知識がリアルオプションバリューを持つことに関する素朴な論理
数学がダメダメな私にとってもリアルオプションの考え方は非常におもしろく、様々なものにリアルオプションがもたらす価値(リアルオプションバリュー)を見て、おぉと喜んだりしています。
システムをモジュール化することにより、個々のモジュールがリアルオプションバリューを内包できるようになり、それによってシステム全体の価値が向上するという、ボールドウィン-クラークの「デザインルール」の指摘は、いまだに自分にとっては鮮烈です。(小分けせよ、さらば価値が増大せん…)
お金を稼ぐことができる実物資産の価値は、将来のキャッシュフローを推計することで純現在価値(NPV)として定量化できます。けれどもそれだけでは見過ごしにされている価値があるだろうということで、
「景気がよくなったら実物資産に対する投資を拡大する」
「景気が悪くなったら実物資産の一部を切り売りする」
「商売がダメダメになったら実物資産を売却する」
「最初からフルセットの実物資産を買わずに当初はテスト的に使ってみる」
といったオプション(実行可能な選択肢。意思決定を要する選択肢)を設定し、そうしたオプションがはらんでいる価値を定量化しようというのがリアルオプションの考え方でした。数学がダメダメな当方としては、それらの価値の全体は、純現在価値+リアルオプションバリューということで取り出せるというあたりでやめておきます。
さて。このリアルオプションの「オプション」が持つ価値ですが、例えば、「途中から投資規模を拡大する」というオプションを設定した場合、あくまでもその判断が正しければ価値が実現するのであって、判断が間違っていた場合、価値はゼロに留まります(オプションなので、損失には至らないはずです。

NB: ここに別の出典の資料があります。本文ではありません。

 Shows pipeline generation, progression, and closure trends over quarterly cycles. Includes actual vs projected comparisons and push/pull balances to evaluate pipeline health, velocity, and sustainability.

。。自分の理解では)。
問題にしたいのは、その判断の正しさは何によって担保されるのかということです。
リアルオプションの算出式は、二項モデル、ブラック-ショールズなどがありますが(←受け売り)、いずれも原資産価値などの値が定まればあとは機械的に算出できるという形で、「その意思決定を行使する人は誰であるか」「その意思決定は正しいものであるかどうか」を問題にしません。

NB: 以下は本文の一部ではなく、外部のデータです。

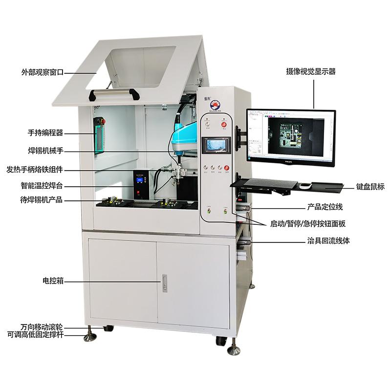 現(xiàn)有CDD攝像頭焊接采用烙鐵機(jī)器人或人工烙鐵的方法,通過送錫絲焊接焊點(diǎn)。烙鐵機(jī)器人或人工烙鐵焊接效率低,良品率低,而烙鐵機(jī)器人或人工烙鐵采用接觸焊接,會(huì)燒壞焊點(diǎn)周圍的黑色塑料,影響產(chǎn)品質(zhì)量。

あくまでも正しい意思決定がなされたものと仮定して、価値を算出します。
けれども現実世界はどうかといえば、ある状況において、正しくリアルオプションを行使して、価値を実現できる人というのは、その場に立たされる人全員でないということは明白です。
つまり、リアルオプションの考え方は、それを行使する人の行使技術の習熟という問題をまったく考慮に入れていません。
ここの空白地帯にうまくはめ込むことができるのが、ドラッカーらが「ナレッジワーカー」という時の「ナレッジ」(以下「知識」)です。

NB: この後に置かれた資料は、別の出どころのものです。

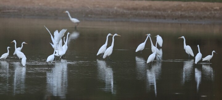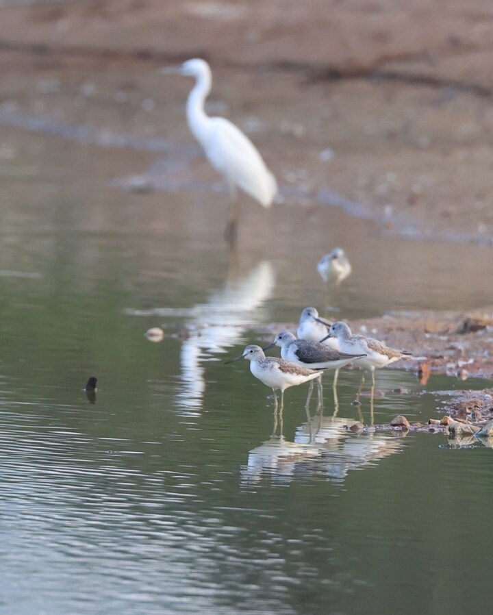 成群的長腳反嘴鷸飛過水面蔚為壯觀。

実物資産をよいように操作したり、つなげたり、拡張したりといったオプションを行使するのは「そうした技量を学んだ人」です。言い換えれば、その「学び」こそがリアルオプションバリューを実現させる原動力なのです。
個人的には、知識社会、知識資本主義、知識資産といった文脈で使われる「知識」とは、何らかの資源(時間、人、モノ、金、さらには三次元的高さや広さをもった空間、そしてTransportation=移動できること)に対して、何らかの積極的な働きかけを行って(オプションを駆使して)価値を増やすことができるための能力であると理解し始めています。
それも、ひとつ数億円といった実物資産だけでなく、何らかの業務プロセス(これも個々の業務プロセスレベルでキャッシュフロー生成に関わっているので、リアルオプションが想定する実物資産の一種だと考えることは可能です)や、プロフェッショナルが自由裁量で使うことのできる時間や、チームの作業能力などもある種の実物資産であると考えることができ、それらに関するよりよい意思決定を可能にするものも、ここで言う「知識」に該当すると思います。そうした知識がリアルオプション価値を現出させるのです。
この考え方は何もオリジナルだなどと言うつもりはさらさらなくて、どこかの書物ですでに記されているのを私が知らないだけなのでしょうけれども、非常に魅力的であり、ねちねち考えていきたい対象です。
知識が持つ価値がリアルオプションを駆使できる能力だとすると、たぶん定量化もできるだろうというのが、数学がダメダメである私の読みです。
定量化できるとすれば、その知識に”価格”が付きます。価格があるところ、市場が成立するというのは古来からの経済原理であり、市場があることによって、言い換えれば、知識に価格がついて流動性が生じることによって、そこが富の源泉となります。産業が成立すると考えています。
付言すれば、年収が高い人(年収3000万とかそれ以上のあたり)の給与なども、彼/彼女が習得した知識によって、より多くの資源をよりよく活用して、より大きなリアルオプションバリューを現出させることが出来ることに対する対価だと考えれば、十分に納得がいきます。